##### Data provided #####

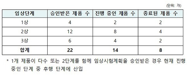 이에 따라 현재 국내에서 코로나19 치료제로 임상시험계획을 승인받은 제품은 총 22개(20개 성분)이다. 이중 임상시험 진행 중인 제품은 14개(13개 성분)이며 종료된 제품은 8개다.
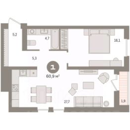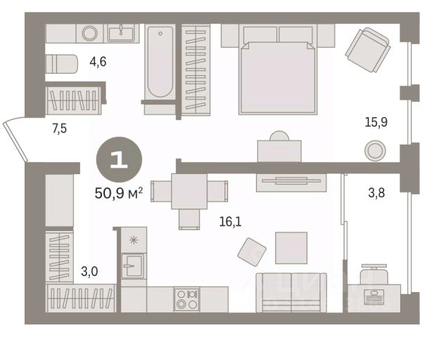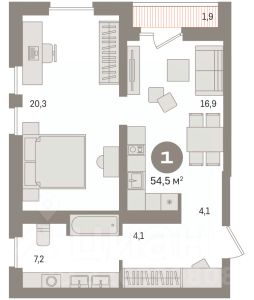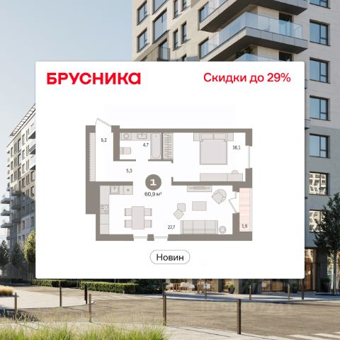 Продается однокомнатная квартира от застройщика с предчистовой отделкой в ЖК "Новин" на 16 этаже. Общая площадь: 54.47 кв.м., жилая: 20.3 кв.м., площадь просторной кухни-гостиной: 16.9 кв.м. Квартира угловая, окна oбecпeчивaют paвнoмepнoe ocвeщeниe в тeчeниe дня. В квартире одна лоджия, один совмещенный санузел. Высота потолков 2.7 м. Дом монолитный, многоподъездный, переменной этажности, от 8 до 17 этажей. Квартира находится в 4-й секции высотой 17 этажей в корпусе 7. На этаже 6 квартир. В подъезде 1 пассажирский и 1 грузовой лифт. Окончание строительства - 2 квартал 2027 года. Оформление сделки по договору долевого участия. Квартира с кухней-гостиной и одной спальней в квартале "Новин". Особенности планировки: вид во двор, гардеробная, лоджия, мастер-спальня, окно в санузле, предчистовая отделка. квартиры в нашей базе: НСВ07-Ж4.16.1. Квартал "Новин" расположен на западе Сургута в районе с хорошо развитой инфраструктурой. Рядом — парк "Кедровый Лог", детские сады, поликлиника, продуктовые магазины и торговые центры. До центра города — 20 минут на автомобиле. Пять домов уже заселены. Ещё три находятся на этапе возведения. Квартал находится в западной части Сургута на пересечении Югорского тракта и улицы Игоря Киртбая. Можно быстро добраться до любой точки города по Югорскому тракту. В районе уже сформированная инфраструктура. Рядом расположены крупные торговые центры, три детских сада, поликлиника, парк и спортивная база. На первых этажах квартала спроектированы коммерческие помещения под повседневные сервисы для жителей: магазины, кафе, аптеки и другие полезные функции. Проектом развития территории предусмотрено строительство детского сада и общеобразовательной школы. Во дворах предусмотрены сценарии для разных категорий жителей, в том числе и площадки для тихого отдыха с фонтаном и арт объектом. Детская площадка раскрывает игровой потенциал территории за счёт разных возможных типов взаимодействий, среди которых присутствуют: контакт с природой, смена уровня игры и контролируемый риск, сотрудничество и игра в команде, а также спокойный сценарий с качелями. Между домами второй очереди мы спроектировали общественное пространство. Здесь также расположатся спортивные и игровые площадки, велопарковки и площадь событий. Главной точкой притяжения станет фонтан. #z4eb3M
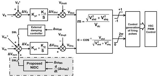 The STATCOM can supply both the capacitive and the inductive compensation to support the bus voltage (VS) by independently controlling its output current. The real current is responsible for controlling the real power, while the active current is used to control the reactive power and exchange it between the STATCOM and the power system. It is also capable of improving the power system stability. The STATCOM is controlled by the external damping controller to damp the reference signal of the dc voltage [8]. The control block of the traditions external damping controller of the STATCOM is shown in Figure 2 (the SW1 is closed and SW2 is opened).

#####

*What the task asks*: Set down the material word for word, and drop every picture from it.

*Written solution*:
 이에 따라 현재 국내에서 코로나19 치료제로 임상시험계획을 승인받은 제품은 총 22개(20개 성분)이다. 이중 임상시험 진행 중인 제품은 14개(13개 성분)이며 종료된 제품은 8개다.
 Продается однокомнатная квартира от застройщика с предчистовой отделкой в ЖК "Новин" на 16 этаже. Общая площадь: 54.47 кв.м., жилая: 20.3 кв.м., площадь просторной кухни-гостиной: 16.9 кв.м. Квартира угловая, окна oбecпeчивaют paвнoмepнoe ocвeщeниe в тeчeниe дня. В квартире одна лоджия, один совмещенный санузел. Высота потолков 2.7 м. Дом монолитный, многоподъездный, переменной этажности, от 8 до 17 этажей. Квартира находится в 4-й секции высотой 17 этажей в корпусе 7. На этаже 6 квартир. В подъезде 1 пассажирский и 1 грузовой лифт. Окончание строительства - 2 квартал 2027 года. Оформление сделки по договору долевого участия. Квартира с кухней-гостиной и одной спальней в квартале "Новин". Особенности планировки: вид во двор, гардеробная, лоджия, мастер-спальня, окно в санузле, предчистовая отделка. квартиры в нашей базе: НСВ07-Ж4.16.1. Квартал "Новин" расположен на западе Сургута в районе с хорошо развитой инфраструктурой. Рядом — парк "Кедровый Лог", детские сады, поликлиника, продуктовые магазины и торговые центры. До центра города — 20 минут на автомобиле. Пять домов уже заселены. Ещё три находятся на этапе возведения. Квартал находится в западной части Сургута на пересечении Югорского тракта и улицы Игоря Киртбая. Можно быстро добраться до любой точки города по Югорскому тракту. В районе уже сформированная инфраструктура. Рядом расположены крупные торговые центры, три детских сада, поликлиника, парк и спортивная база. На первых этажах квартала спроектированы коммерческие помещения под повседневные сервисы для жителей: магазины, кафе, аптеки и другие полезные функции. Проектом развития территории предусмотрено строительство детского сада и общеобразовательной школы. Во дворах предусмотрены сценарии для разных категорий жителей, в том числе и площадки для тихого отдыха с фонтаном и арт объектом. Детская площадка раскрывает игровой потенциал территории за счёт разных возможных типов взаимодействий, среди которых присутствуют: контакт с природой, смена уровня игры и контролируемый риск, сотрудничество и игра в команде, а также спокойный сценарий с качелями. Между домами второй очереди мы спроектировали общественное пространство. Здесь также расположатся спортивные и игровые площадки, велопарковки и площадь событий. Главной точкой притяжения станет фонтан. #z4eb3M
 The STATCOM can supply both the capacitive and the inductive compensation to support the bus voltage (VS) by independently controlling its output current. The real current is responsible for controlling the real power, while the active current is used to control the reactive power and exchange it between the STATCOM and the power system. It is also capable of improving the power system stability. The STATCOM is controlled by the external damping controller to damp the reference signal of the dc voltage [8]. The control block of the traditions external damping controller of the STATCOM is shown in Figure 2 (the SW1 is closed and SW2 is opened).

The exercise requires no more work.